There’s a lot of noise these days around “cloud computing.” It seems like every company even vaguely related to computers has a cloud–something so, how about having your own personal cloud? Dane-Elec’s my-Ditto is a Network–Attached Storage product, a NAS, which provides a personalized version of what marketeers call Cloud Storage. my-Ditto is a small but hefty tower that plugs into your local area network (LAN), either 10/100BASE-T or Gigabit Ethernet, and provides local and remote digital files storage and retrieval, along with music, video and other services. Unlike public Cloud Storage services, you have complete control of your files.
Dane-Elec’s my-Ditto NAS
The case, a small white tower, would visually fit nicely in most home or small office/home office (SOHO) setups, and the plethora of blue LEDs doesn’t detract from the aesthetic.
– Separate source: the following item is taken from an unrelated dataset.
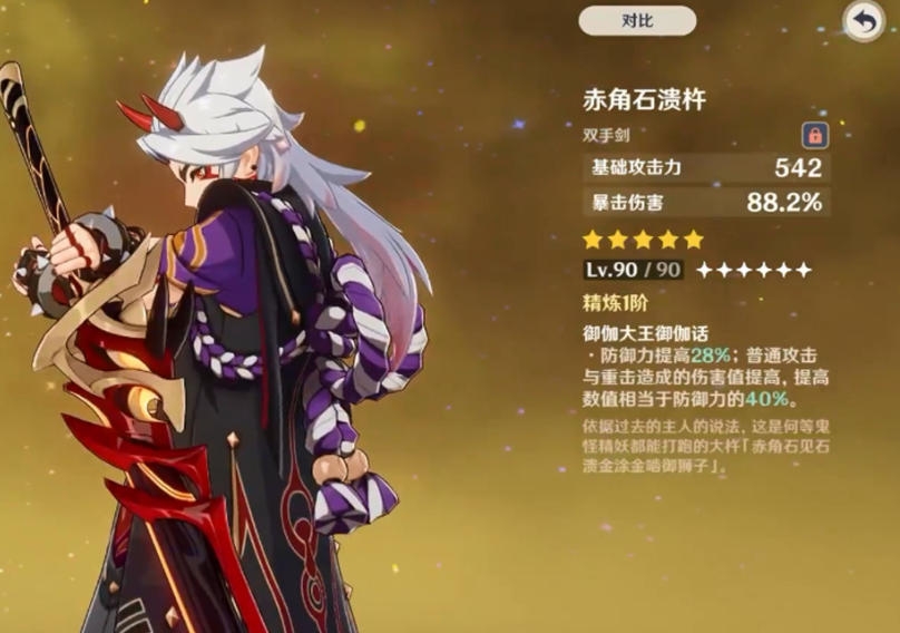 荒瀧一斗是一個依賴防御轉(zhuǎn)傷輸出的角色,這意味著攻擊將成為無效詞條。90級突破后自帶24.2%暴擊率與專武赤角石潰杵的暴擊傷害屬性相輔相成,很多人問小編為什么這把大劍具有88.2%的暴擊傷害卻沒有被冠以最強專武的稱號呢?大多數(shù)人依然認為五星武器中強度最離譜的依然是單手劍霧切之回光。那是因為雖然暴擊傷害很高,但是基礎(chǔ)攻擊很低,并且攻擊對于荒瀧一斗來說是無效詞條,只能通過暴擊傷害來彌補這一不足。而增加防御力與普攻和重擊傷害的特效,注定了這把刀只有一斗和諾艾爾這兩個人拿著才有用。

The appliance includes an optional stand, external in–line power supply, ethernet cable, rubber self–adhesive feet, a printed Quick User Guide and two USB hardware “Keys.” More on the Keys in a bit…
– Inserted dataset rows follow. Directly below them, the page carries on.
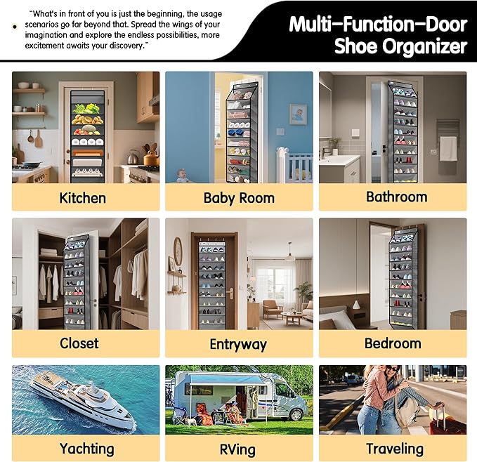 - âăMEET YOUR MULTIPLE NEEDS & IDEAL GIFTăOur multi-functional over-the-door shoe organizer comes with 4 heavy-duty metal hooks, you can hang it on different doors to maximize the vertical space for shoe storage, besides placing your shoes you can also use it for your daily cleaning supplies, hairdressing supplies, hats, scarves, gloves, toys, toilet paper, water bottles and more. Place the right items according to your needs. Explore more ways to use it.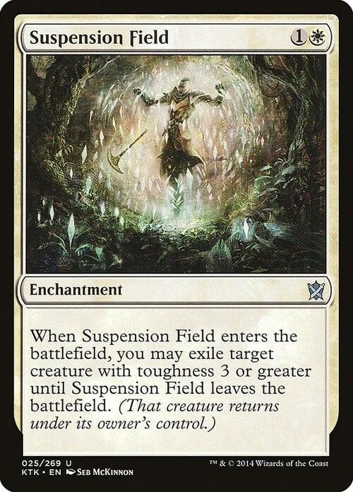 When this enchantment enters, you may exile target creature with toughness 3 or greater until this enchantment leaves the battlefield. (That creature returns under its owner's control.)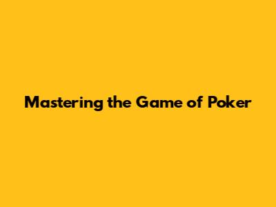 Mastering The Game Of Poker

After hooking it up, which was simplicity itself, I powered up the unit. It boots up, performs its self-test and initialization, and is ready to go in about two minutes. Like most NAS products these days, my-Ditto is really a tiny server, running the free and open source Linux operating system. It’s been purpose–built to store files and stream digital content.
my-Ditto employs what we geeks call “two factor authentication,” a more secure approach than only a password. Dane-Elec’s two factor method incorporates both a password and a personalized, authenticated USB Key. The Keys are really flash drives, with special encrypted access software preinstalled. Once you un–mount and remove your Key from most any computer, there is nothing left on that machine that can compromise your security. On your home machine, you can install the included my-Ditto software, so the Keys are not needed for day–to–day functions.
What’s on the Master Key
By the way, both Keys included with my-Ditto, Master and Standard, are pre–authenticated. That is, they already “know” all about the my-Ditto they’re destined to work with. The Master Key is needed for system updates and is used to modify settings, including changing passwords, renaming or deleting users from the system in case you lose a Key, along with enabling more esoteric functions and making configuration changes.